В этой концепции, завещанной Средним векам, единственной реальностью являются люди. Средневековые теологи и философы XVII и XVIII в. согласны объявить их предшественниками всякого общества. Эти люди создали общество, когда оно стало для них необходимым либо из-за испорченности их природы (теологи), либо из-за жестокости их инстинктов (Гоббс). Но данное общество остается искусственным телом; Руссо говорит это совершенно ясно[78], и сам Гоббс, хотя и поместил на фронтисписе одного из своих сочинений изображение Левиафана, фигура которого состоит из соединенных человеческих образов, не думал, чтобы этот гигант жил некой собственной жизнью. У него нет воли, но воля человека или собрания считается его волей.

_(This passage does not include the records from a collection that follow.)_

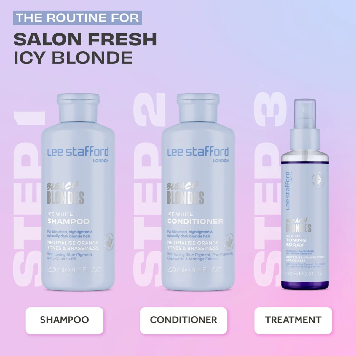 Lee Stafford Bleach Blondes Ice White Toning Spray is een leave in conditioner welke speciaal ontwikkeld is voor blond en geblondeerd haar. Wanneer je net van de kapper komt zien jouw blonde lokken er altijd super mooi uit, maar na verloop van tijd kunnen ze geler worden. Deze spray bevat paarse pigmenten welke de gele gloed neutraliseren en je blonde lokken laten stralen.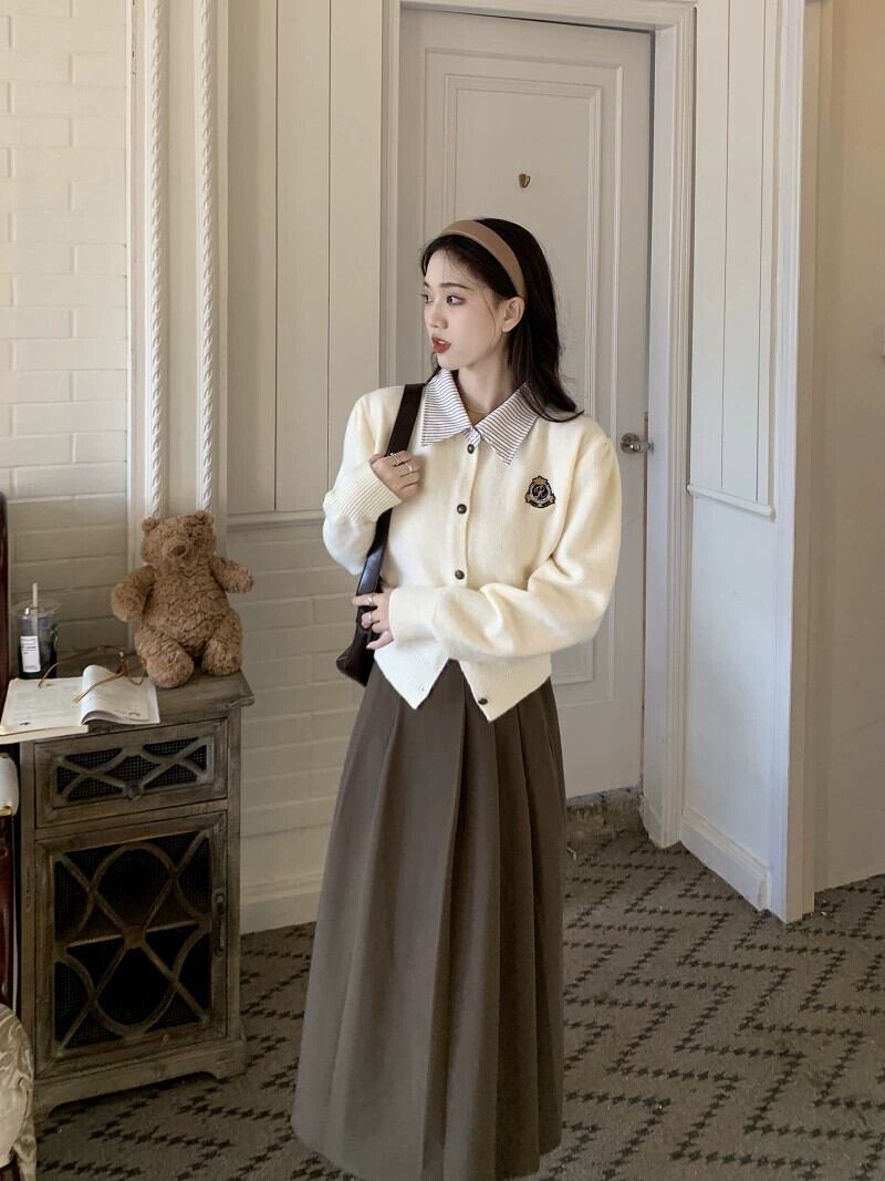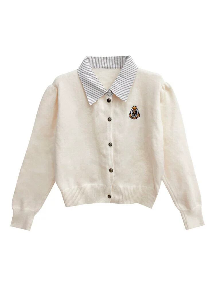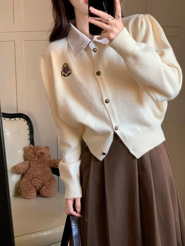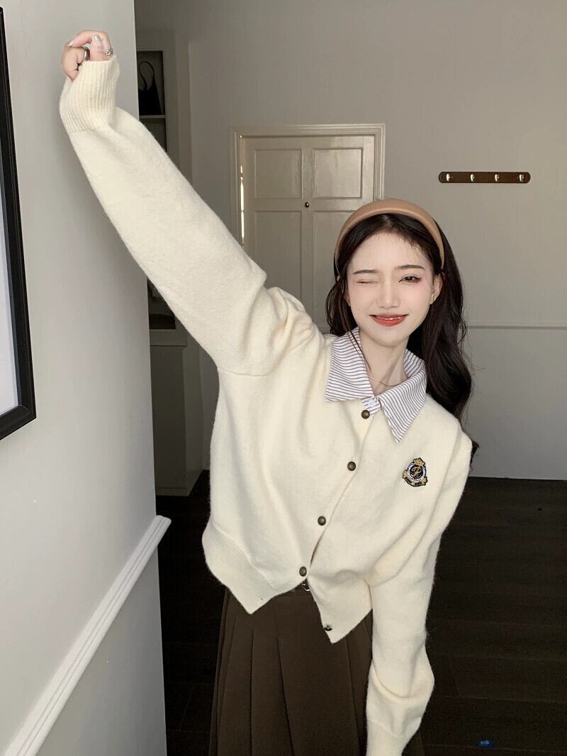 偽ツーピースポロカラーセータージャケット女性秋の新しいカレッジスタイルシックなショートニットカーディガントップ オータム 秋物 8571676995547625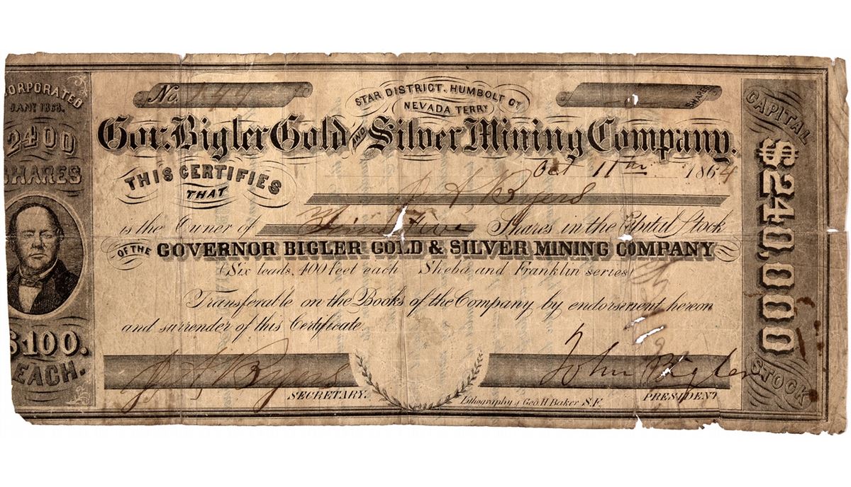 Incorporated in 1863. Certificate No. 144 issued in October 11, 1864 to J.A. Byers for 5 shares. Signed by secretary J.A. Byers and president John Bigler. U/C. Printed by Lithography of George H. Baker. Certificate measures 8.25"x4". Stock is worn along edges and has some minor tearing on the edges and in the center along a fold line. Lefthand side has a close crop, cutting off some of the words and letters. John Bigler was a big name in California. Not only was he the first governor two serve two consecutive terms, but he was also responsible for the moving of the capital to Sacramento and the development of the railroad from Mississippi to the Pacific Ocean. Bigler was so well-loved that a lake was named after him. That lake has since been renamed Lake Tahoe [http://www.nga.org].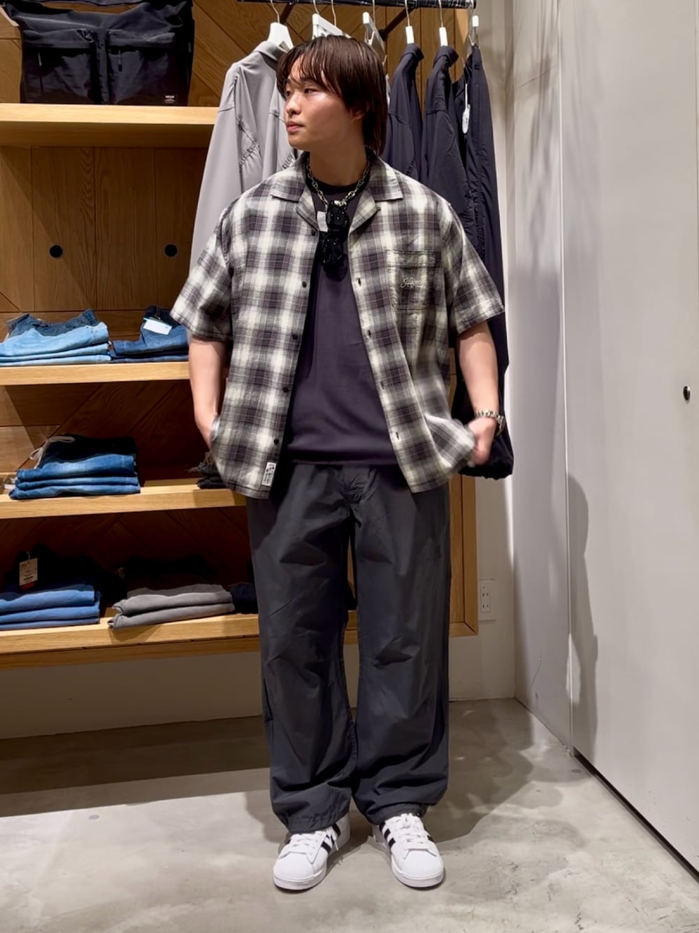 サラッとした肌触りのチェックシャツにナイロンのワイドパラシュートパンツを合わせたストリートMIXスタイル。 インナーもブラックのヘビーウェイトTシャツを合わせてより引き締まったスタイルに仕上げました。 足元は白のsuperstarで抜け感を。

Эта чисто номиналистическая концепция общества объясняет понятие суверенитета. В обществе существуют только объединенные люди, разъединение которых всегда возможно. В этом оказываются одинаково убежденными и авторитарист вроде Гоббса, и анархист вроде Руссо. Один видит в таком разъединении бедствие, которое надо предупредить самой крайней строгостью[79], другой – последнее средство, предоставленное угнетенным гражданам.
74
Сумма теологии, IIa IIæ, 42, 2: «Ad tertiam dicendum, quod regimen tyra
75
Говоря средневековыми терминами, если она правит in destructionem, то ее надо сделать in aedificationem**.
76
Руссо. Об общественном договоре, кн. II, гл. III*.
77
См.: Цицерон. De Republica, I, 25, 39: «Res publica, res populi, populus autem non omnis hominum coetus quoquo modo congregatus, sed coetus multitudinis juris consensus et utilitatis communione sociatus»**.
78
Таким образом, «хотя искусственный организм правительства есть творение другого искусственного организма (политического тела или общества)…» (Об общественном договоре, кн. III, гл. I)***.
79
Гоббс, которому гражданские смуты внушали такой ужас, что он покинул свою страну, как только они там начались, желал представить власть столь абсолютной лишь потому, что помимо всего прочего считал отвратительным возвращение человека к состоянию, представлявшемуся ему, справедливо или нет, примитивным государством, войной всех против всех. Развив свою теорию права неограниченного повелевания, он так отвечал оппонентам: «Могут, однако, возразить здесь, что состояние подданных, вынужденных безропотно подчиняться прихотям и порочным страстям того или тех, кто имеет в своих руках такую неограниченную власть, является чрезвычайно жалким. И обыкновенно бывает так, что те, кто живет под властью монарха, считают свое жалкое положение результатом монархии, а те, кто живет под властью демократии или другого верховного собрания, приписывают все неудобства этой форме государства, между тем как власть, если только она достаточно совершенна, чтобы быть в состоянии оказывать защиту подданным, одинакова во всех ее формах. Те, кто жалуется на указанные стеснения, не принимают во внимание, что положение человека всегда связано с тем или иным неудобством и что величайшие стеснения, которые может иногда испытывать народ при той или иной форме правления, едва чувствительны по сравнению с теми бедствиями и ужасающими несчастьями, которые являются спутниками гражданской войны, или с тем разнузданным состоянием безвластия, когда люди не подчиняются законам и не признают над собой никакой принудительной власти, удерживающей их от грабежа и мести» (Левиафан. 1-е изд. 1651 г., p. 94)*.